Background: Why This Problem Is Hard
Large language models (LLMs) have become the backbone of AI‑driven agents, from customer‑service bots to autonomous code generators. Many of these agents operate in a hybrid reasoning mode: they can either emit a direct answer or invoke a multi‑step chain‑of‑thought (CoT) that consumes additional tokens. The trade‑off is stark. Over‑thinking cheap queries inflates API costs and latency; under‑thinking hard queries leads to hallucinations or outright failures.
Existing routers attempt to balance this trade‑off by training a classifier on a curated dataset of “easy” vs. “hard” prompts.

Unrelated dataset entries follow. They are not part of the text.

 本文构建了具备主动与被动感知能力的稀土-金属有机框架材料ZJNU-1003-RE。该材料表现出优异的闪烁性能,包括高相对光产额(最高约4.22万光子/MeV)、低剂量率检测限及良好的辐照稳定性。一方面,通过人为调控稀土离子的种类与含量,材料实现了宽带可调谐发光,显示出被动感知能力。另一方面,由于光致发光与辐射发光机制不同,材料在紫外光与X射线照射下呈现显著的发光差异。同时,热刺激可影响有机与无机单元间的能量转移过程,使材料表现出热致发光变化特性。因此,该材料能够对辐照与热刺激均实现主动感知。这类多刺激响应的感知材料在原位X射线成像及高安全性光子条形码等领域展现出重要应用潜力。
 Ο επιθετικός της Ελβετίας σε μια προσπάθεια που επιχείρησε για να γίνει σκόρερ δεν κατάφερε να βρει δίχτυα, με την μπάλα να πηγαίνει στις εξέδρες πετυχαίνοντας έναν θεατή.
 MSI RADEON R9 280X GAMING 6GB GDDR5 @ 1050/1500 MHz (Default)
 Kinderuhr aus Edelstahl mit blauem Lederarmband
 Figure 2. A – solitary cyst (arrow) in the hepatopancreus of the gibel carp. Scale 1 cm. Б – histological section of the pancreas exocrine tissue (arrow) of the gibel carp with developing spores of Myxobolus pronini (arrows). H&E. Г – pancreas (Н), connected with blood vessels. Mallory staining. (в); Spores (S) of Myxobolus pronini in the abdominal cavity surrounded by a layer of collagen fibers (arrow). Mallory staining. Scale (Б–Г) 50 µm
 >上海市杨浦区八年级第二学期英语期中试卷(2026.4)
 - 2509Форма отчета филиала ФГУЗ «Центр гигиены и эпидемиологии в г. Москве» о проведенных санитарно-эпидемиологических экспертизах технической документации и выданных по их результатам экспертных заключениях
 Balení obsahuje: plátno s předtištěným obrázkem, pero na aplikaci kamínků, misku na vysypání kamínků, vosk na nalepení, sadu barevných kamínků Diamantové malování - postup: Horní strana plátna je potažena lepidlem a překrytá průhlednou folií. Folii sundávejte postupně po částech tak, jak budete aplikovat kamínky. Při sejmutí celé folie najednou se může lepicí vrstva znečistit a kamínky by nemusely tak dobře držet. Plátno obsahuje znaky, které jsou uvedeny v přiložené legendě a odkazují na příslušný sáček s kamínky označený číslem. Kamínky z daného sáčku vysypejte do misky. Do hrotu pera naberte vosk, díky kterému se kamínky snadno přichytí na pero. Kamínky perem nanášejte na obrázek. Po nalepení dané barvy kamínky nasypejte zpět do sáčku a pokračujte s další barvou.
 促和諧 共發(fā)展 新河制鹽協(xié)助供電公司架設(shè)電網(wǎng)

That approach suffers from three systemic bottlenecks:
- Label dependency: Curating high‑quality difficulty labels is labor‑intensive and quickly becomes stale as models evolve.

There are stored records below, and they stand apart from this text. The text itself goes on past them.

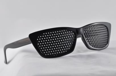 Las gafas de agujeros también se llaman gafas reticulares, estenopeicas, rasterbrille o pinhole. Están formadas por una parrilla negra de agujeros, y no tienen ninguna graduación.
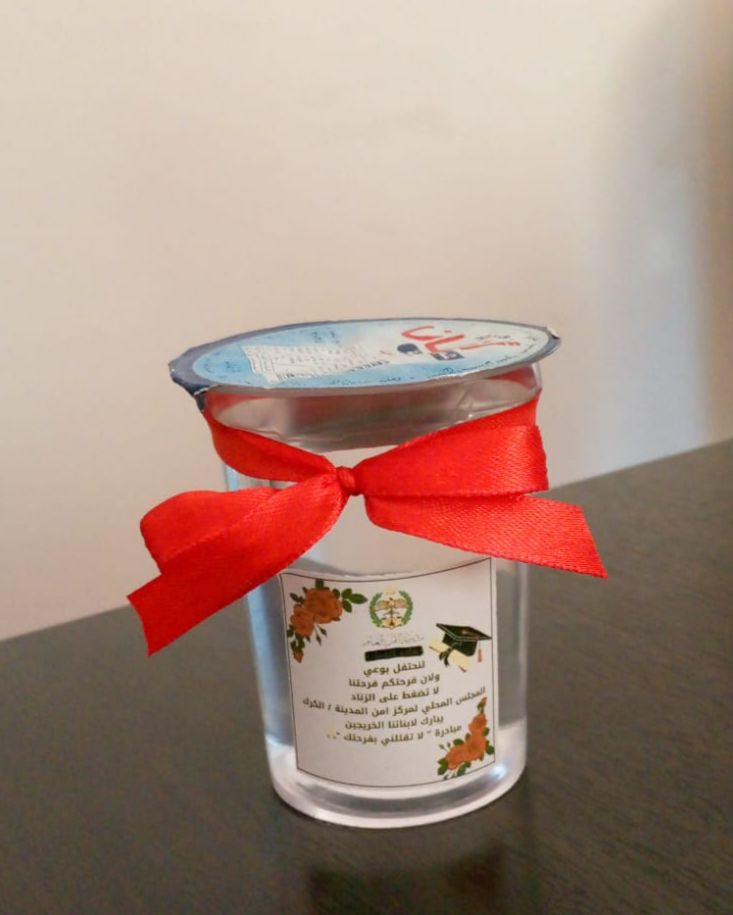 امام البوابة الشمالية لجامعة مؤتة حيث تم إستقبال ذوي الخريجين واهاليهم وقدمت لهم التهاني والتبريكات وقامت مرتبات الشرطة المجتمعية وشرطة الكرك بالتعاون مع اعضاء مجلس محلي المدينة بتوزيع المياة الباردة والبروشورات لذوي الخريجين ، والتي تحمل رسالة مديرية الامن العام والمتمثلة بعدم إطلاق العيارات النارية وتتوشح في عبارات التهنئة والتبريك بأسم مديرية الأمن العام ، وتدعوهم للتعبير عن مظاهر الفرح بشكل إيجابي بعيدا عن السلوكيات السلبية بما يحقق مفهوم الأمن والسلم المجتمعي في جميع محافظات المملكة إنطلاقا من تخريج كوكبة من تلاميذ الفوج الثالث والثلاثون لجامعة مؤتة .
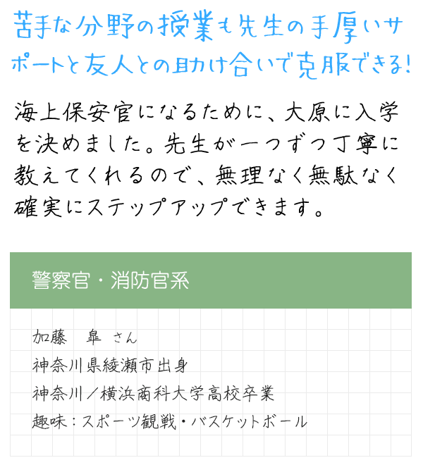大原学園には、夢と希望をいっぱいに頑張っている先輩がたくさんいます。そんな充実した学園生活を送っている先輩たちの元気な生の声をお届けします!
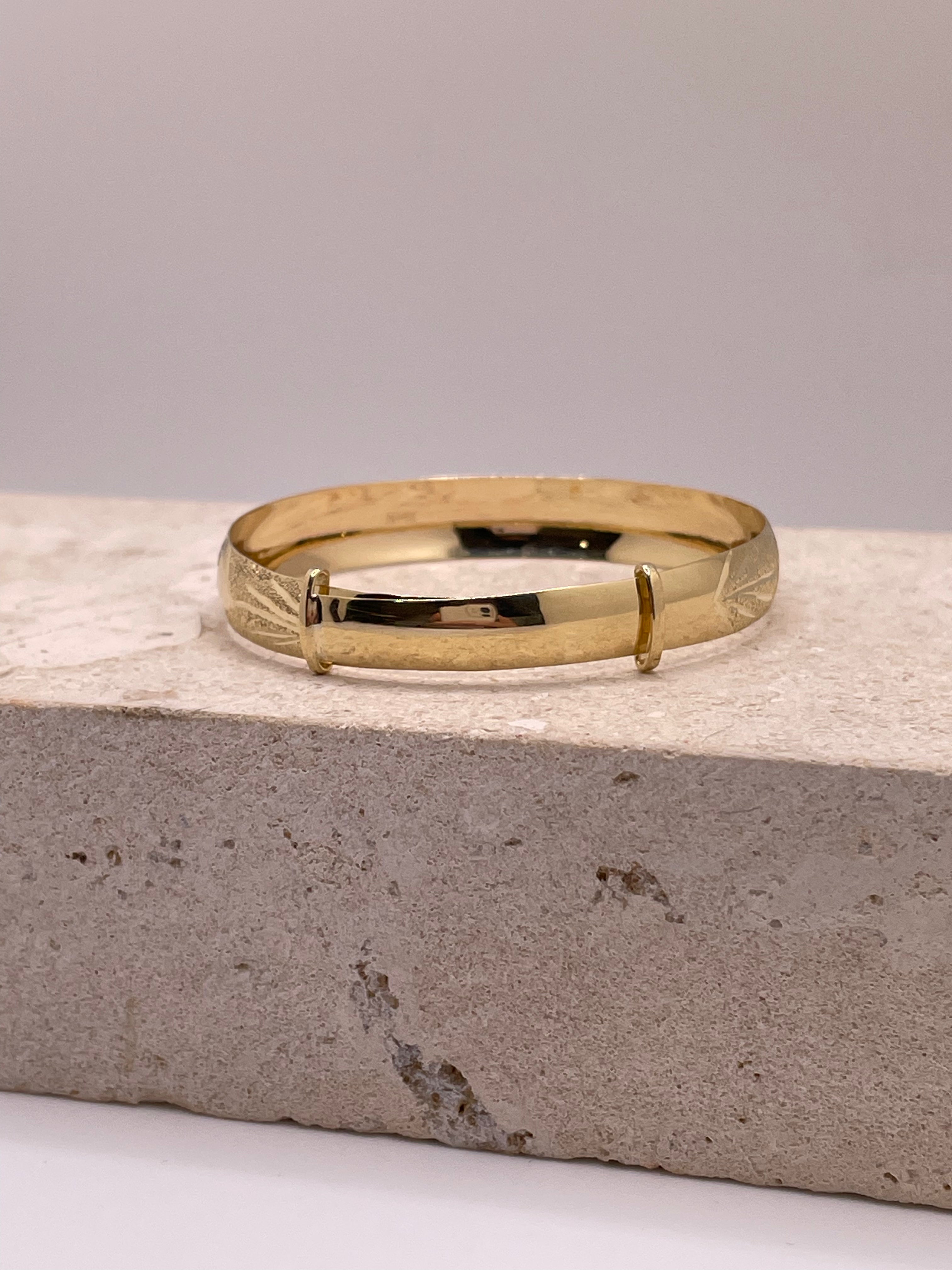 With a width of 8 mm, this bangle is both dainty and eye-catching, making it a meaningful keepsake for special occasions like baptisms, birthdays, or welcoming a new baby.
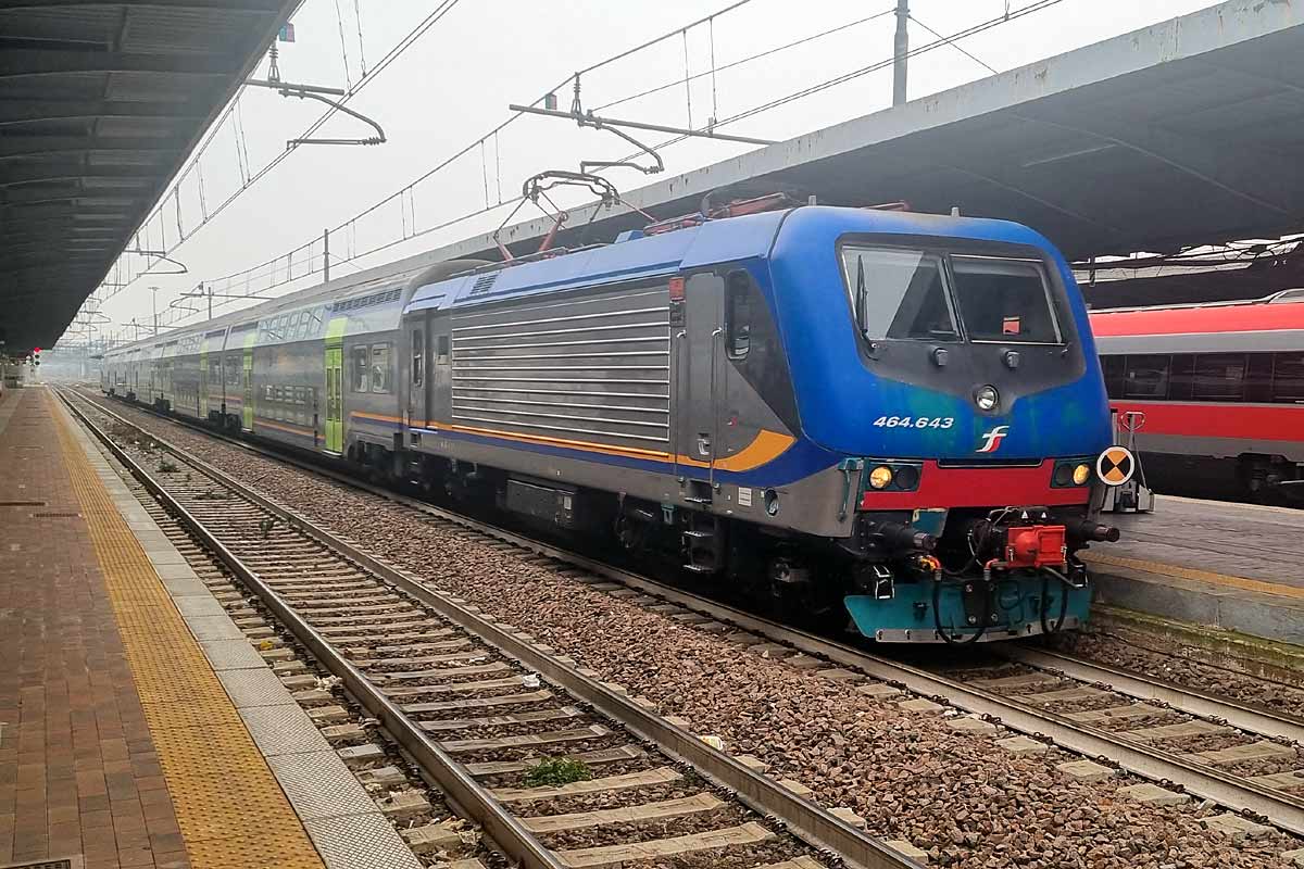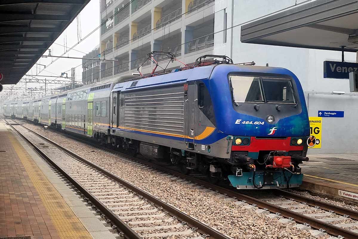 Trenitalia / DPR Veneto electric loco E.464-643 (NVR nr. 91 83 2464 643-2 I-TI) in DPR color scheme with a set of Vivalto double deck coaches at Venezia Mestre station. 06/02/2024.

- Static budgets: Many systems pre‑allocate a fixed token budget for CoT, ignoring the fact that difficulty varies not only across prompts but also across answer candidates.
- Evidence blind spots: Traditional routers ignore the model’s own confidence signals—such as draft entropy or internal disagreement—that could serve as real‑time evidence of difficulty.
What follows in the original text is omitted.